Bis heute ist hingegen nicht vollständig erforscht, wer der CDU/CSU im Wahlkampfjahr 1972 die Anzeigenkampagne gegen die bedrängte Regierung Brandt bezahlte. War es der Springer-Verlag? Schließlich bekämpfte Axel Springer mit seiner geballten Zeitungsmacht den ehemaligen Berliner Regierenden Bürgermeister, der für seine Begriffe Deutschland an den Osten verriet. Oder war es die Industrie, die allen Ernstes die Verstaatlichung ihrer Fabriken und der Banken gleich dazu befürchtete? Ebenso wenig ist geklärt, wer mit welchem Geld dafür sorgte, dass Barzels Misstrauensvotum gegen Brandt scheiterte. War es nur die Stasi? War es nicht auch der KGB? Und warum wusste der Guttenberg-Stauffenberg'sche Geheimdienst nichts davon?
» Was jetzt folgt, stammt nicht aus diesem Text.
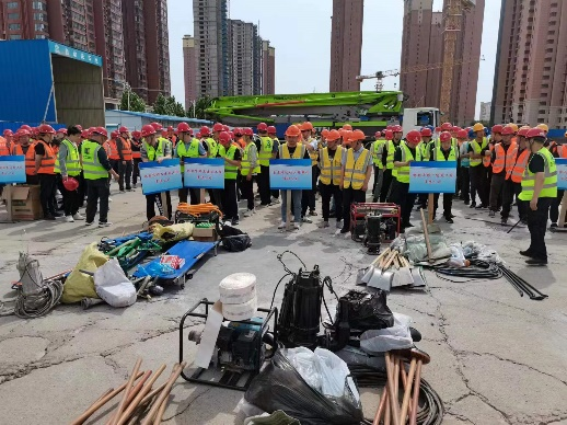 第三工程公司接到通知后,以副經(jīng)理吉祥為組長的應急救援小組及時出動,攜帶水泵、發(fā)電機、鐵鍬、頭燈、沙袋、雨靴等防汛物資,參加演練。

Am 27. Mai 1970 hielt der Abgeordnete Guttenberg vor dem Bundestag seine letzte Rede. Wieder warnte er vor dem "Anerkennungskurs" der Regierung Brandt/ Scheel, der dazu führen würde, dass die "Sowjetunion ihre Vorherrschaft über ganz Europa gewinnen kann". Die einstündige Rede hatte den bereits sterbenskranken Guttenberg so erschöpft, dass er sich auf dem Weg zurück an seinen Platz stützen lassen musste.

Zu den wenigen Pointen, die die westdeutsche Parlamentsgeschichte bereithält, gehört das Detail, dass einer der beiden hilfsbereiten Männer (der andere war Barzel) Leo Wagner war, der Parlamentarische Geschäftsführer der CSU. Dieser Wagner arbeitete, wie viel später bekannt wurde, für die DDR-Staatssicherheit und verhinderte zwei Jahre später mit seiner Stimme, dass Willy Brandt gestürzt und Rainer Barzel an seiner Stelle zum Bundeskanzler gewählt wurde. Es gibt nicht nur Geheimdienste, sondern auch noch eine Gerechtigkeit in der Welt.